Artur Ceglarz, wiceprezes zarządu ds. finansowych Robyg:  Tak jak sygnalizowaliśmy - trzeci kwartał był bardzo udany i nasz plan sprzedaży 2200 mieszkań jest w tym momencie niezagrożony. Co do przekazań, wydaje się, że będzie to rekordowa liczba ok. 2 tysięcy lokali. W ubiegłym roku osiągnęliśmy wynik 1700 mieszkań.

Jakie Robyg ma plany na 2016 rok?

Chcemy aby wyniki były coraz lepsze. Żeby sprzedać 2,5 tys. mieszkań, trzeba rozpocząć też budowę co najmniej 2,5 tys. lokali. W 2016 roku planujemy kontynuację projektu Green Mokotów. Budowa pierwszej fazy inwestycji, którą poprowadzi Robyg Construction, ruszy do końca br. W przyszłym roku, prawdopodobnie w pierwszym kwartale, rozpoczniemy również budowę na warszawskim Ursusie, duży projekt na ok. tysiąc mieszkań. Dodatkowo ruszymy z nowymi projektami w Gdańsku – kontynuacją Mila Baltica, chcemy też uruchomić projekt na Hallera. W całym 2016 roku planujemy kilka nowych inwestycji, będziemy też kontynuować duże topowe projekty które obecnie prowadzimy. Najmocniej skupimy się na dwóch warszawskich projektach: Green Mokotów i Nowa Stacja Ursus. O ile w między czasie nie kupimy nic nowego.

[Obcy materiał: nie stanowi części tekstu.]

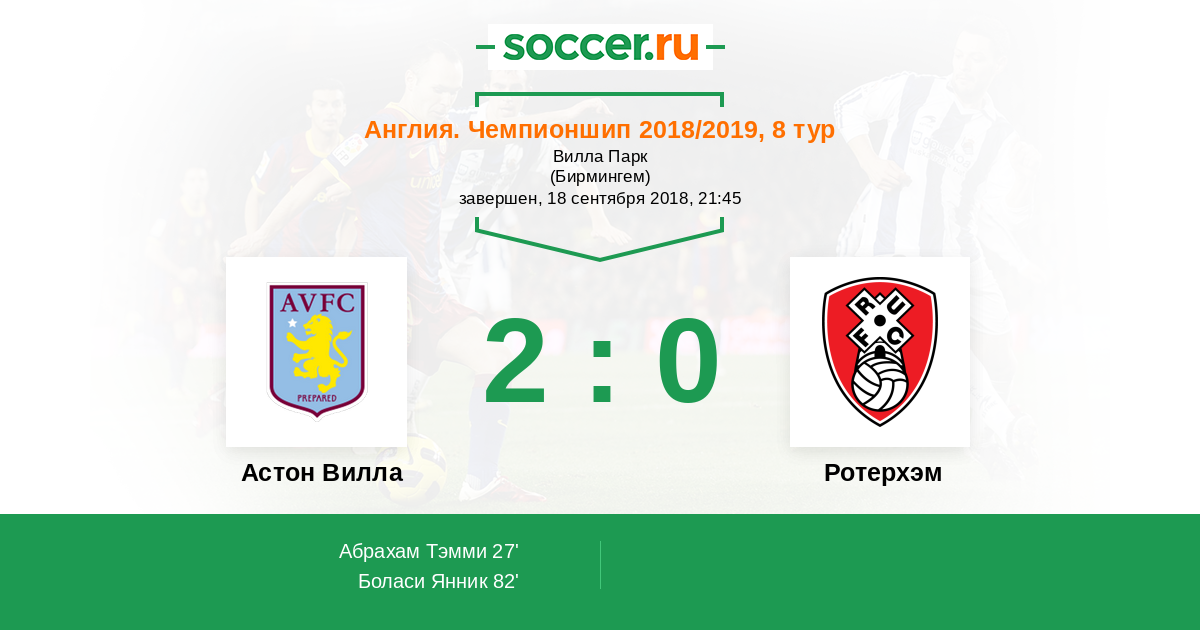 Астон Вилла - Ротерхэм: обзор матча 18 сентября 2018
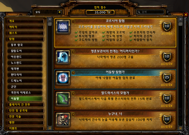 2021.07.01 코르시아 탐험 획득 10점짜리 35090점
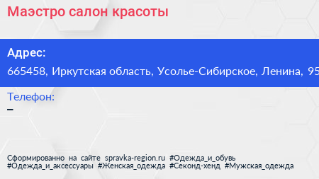 Маэстро, салон красоты по адресу 665458, Иркутская область, Усолье-Сибирское, Ленина, 95 в дальнейшем Организация, размещена в следующих категориях:
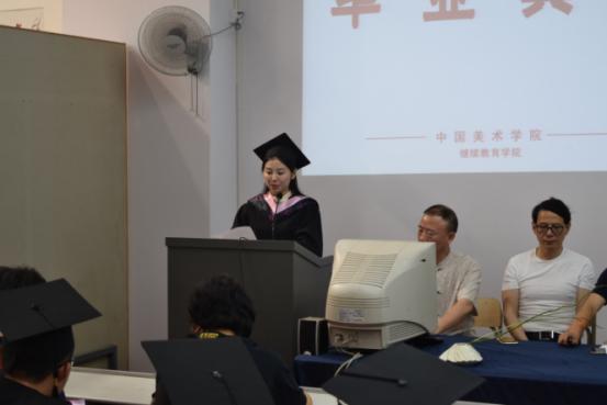 毕业典礼在庄严的国歌声中拉开帷幕,安滨院长代表继续教育学院致词:安院长说这是一个值得纪念的日子,祝贺毕业生们圆满完成学业。搬入新校园后,学院的各项工作得到不断提升,高研部和师训部等学院开创的各项工作,在全国都取得很好的反响,成绩喜人!学历生是中国美术学院继续教育学院各项教学工作的核心,2017届176名毕业生中,获得学士学位有110名,获得学位人数再创新高!希望即将离开校园的毕业生们怀揣入校时的梦想,在今后的事业中发挥自身潜能和个人优势,走出各自的精彩人生。望毕业生们在以后的工作和生活中学会担当,要有一个正面的态度,回报家人、回报社会。在自己的事业拓展中积极探索,持之以恒。最后祝愿所有的毕业生前程似锦,为社会的发展贡献自己的才华与智慧!在愉快的气氛中,安院长结束了精彩的发言。

Skoro już mowa o zakupach – w tym roku Robyg wydał na nowe grunty nieco ponad 200 mln zł. Do końca roku możliwe są kolejne transakcje?

Cały czas przyglądamy się okazjom, jesteśmy zainteresowani drugą stroną Warszawy, czyli głównie Pragą i tam analizujemy kilka ciekawych projektów. Jeśli okażą się atrakcyjne cenowo, to dokupimy tereny pod nowe inwestycje w tej lokalizacji. Co prawda przeznaczony na zakup gruntów budżet na lata 2014-2016 został szybko wykorzystany, ale nadal mamy spore zaplecze finansowe. Niedawno pozyskaliśmy dodatkowo 60 mln zł z emisji obligacji. Jak wspomniałem, liczymy na okazje, nie mamy sztywnego budżetu. Jesteśmy przygotowani do dodatkowych, ciekawych zakupów. W tym roku zakontraktowaliśmy grunty na kwotę ok. 200 mln zł, ale jest szansa że do końca roku dokonamy kolejnej transakcji. Nie będzie to kwota rzędu 100 mln zł, niemniej jednak możliwe, że wydamy nawet kilkadziesiąt mln zł.

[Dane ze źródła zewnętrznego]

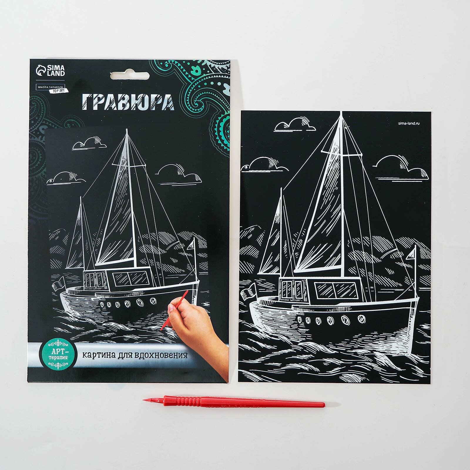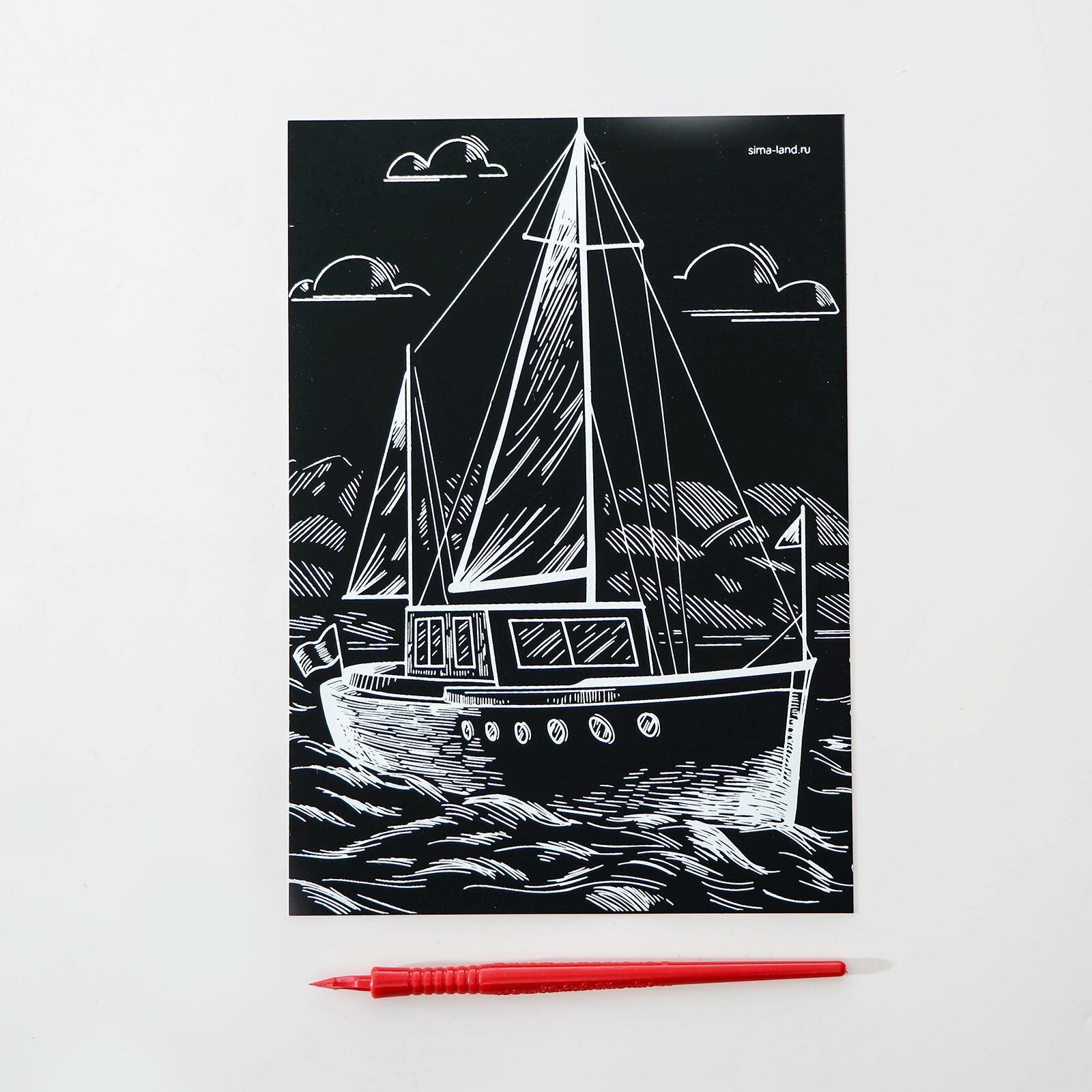 Гравюра на подложке «Яхта» с металлическим эффектом «серебро» А5, 4063540 интересное:
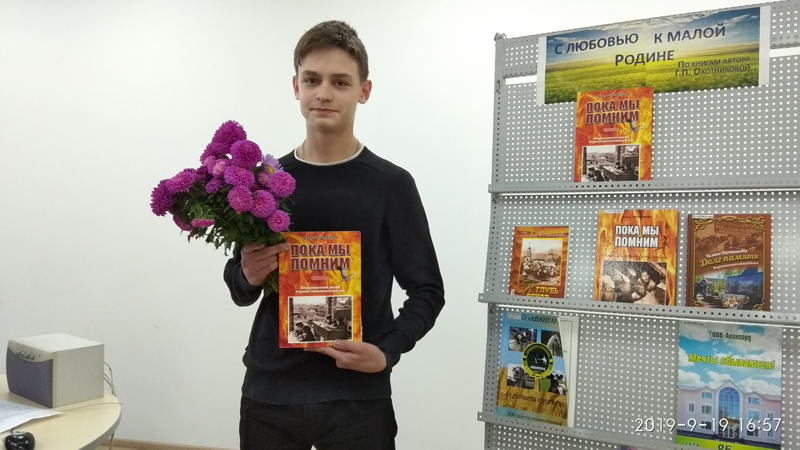 Участником Фестиваля национальной книги «Читающий мир» стала Галина Павловна Охотникова, краевед, член Рязанского союза профессиональных литераторов, лауреат премии «Человек года 2019», презентовавшая вторую книгу из цикла «Пока мы помним», в которой собраны воспоминания детей о послевоенном времени (1946–1952 годы). В прошлом году была издана первая книга, в ней были опубликованы воспоминания тех, кто детьми проживал в военное время на территории Тюшевского сельского поселения Рязанской области. Автор-составитель сама принадлежит к этому поколению, поэтому для нее особенно дороги воспоминания односельчан.
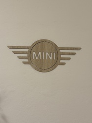 3D logo auta Mini na stenu vyrezané z dreva je originálny darček pre muža alebo ženu - majiteľa auta značky Mini. Výkon a malé rozmery auta Mini z neho robia jedno z najštýlovejších a najpraktickejších áut na svete. Drevená dekorácia je perfektným bytovým doplnkom na stenu v kancelárii, detskej izbe alebo garáži. Vďaka svojmu jedinečnému a modernému dizajnu je logo vhodné do akejkoľvek miestnosti.
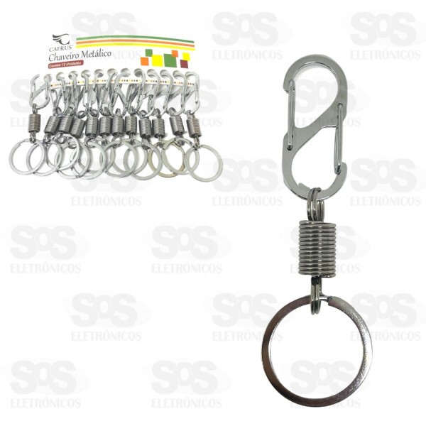 Chaveiro Mola Metálico Com Argola Dupla 12 Unidades Caerus CRS-1058
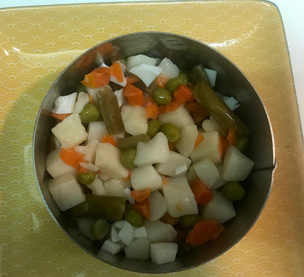 Ahora la presentación, pela los huevos y reserva la yema, pica la clara y ponla en un bol con las verduras.
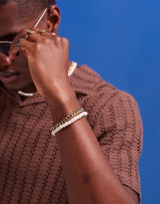 Pack de 2 pulseras doradas con diseño de cadena y de perlas sintéticas de 6 mm de ASOS DESIGN
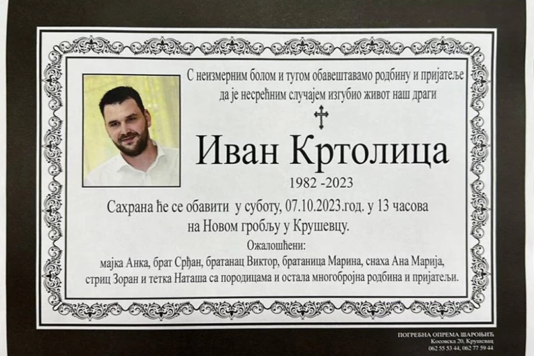Stotine ljudi okupile su se da iskažu poslednju počast Ivanu Krtolici (41), građaninu Kruševca koji je preminuo nakon tragičnog incidenta u pabu u sredu uveče. Ivanov život je nasilno okončan kada ga je napao Bojan M. (34).

Co z innymi miastami poza Warszawą?

Niedawno w Gdańsku-Wrzeszczu nabyliśmy działkę za 23 mln zł. Grunt znajduje się w dobrym miejscu, myślę, że inwestycja będzie porównywalna z projektem, który mamy na gdańskiej Zaspie. Kontynuujemy zakupy głównie w Gdańsku. Co do innych miast, czekamy na 2017 rok. Wtedy planujemy mocne wejście do Wrocławia. Mamy tam 5- hektarową działkę, do której do końca 2016 roku ma zostać doprowadzona infrastruktura. Trochę nas ten projekt wstrzymuje. Rozpoczynając inwestycję we Wrocławiu chcielibyśmy mieć zakupione dodatkowo dwie lokalizacje, aby ruszyć z większym impetem.

Zakładają Państwo istotne zwiększenie skali działalności?

Historycznie patrząc, w momencie wejścia na giełdę sprzedawaliśmy 500 lokali, w szybkim czasie osiągnęliśmy pułap tysiąca mieszkań, dziś sprzedajemy dwa tysiące i jesteśmy gotowi wzmocnić skalę. Zakładamy jej wzrost w kolejnych latach.

Nastroje wśród deweloperów dotyczące najbliższych dwóch lat są dobre.

Najbliższe dwa lata rzeczywiście zapowiadają się stabilnie, wygląda na to, że 2016 rok będzie bardzo udany. Dużo zależy od tego czy stopy procentowe pójdą znacznie w górę, czy zostaną utrzymane na podobnym do obecnego poziomie. Ich wysokość wpłynie na popyt inwestycyjny. W kolejnych latach podaż mieszkań będzie się musiała dopasować do warunków rynkowych.  Należy postawić pytanie - czy 18 tysięcy mieszkań rocznie to poziom docelowy rynku, historycznie to było 13-14 tysięcy. Trudno spekulować co będzie w 2018 roku, ale dla deweloperów zapowiada się dobra koniunktura.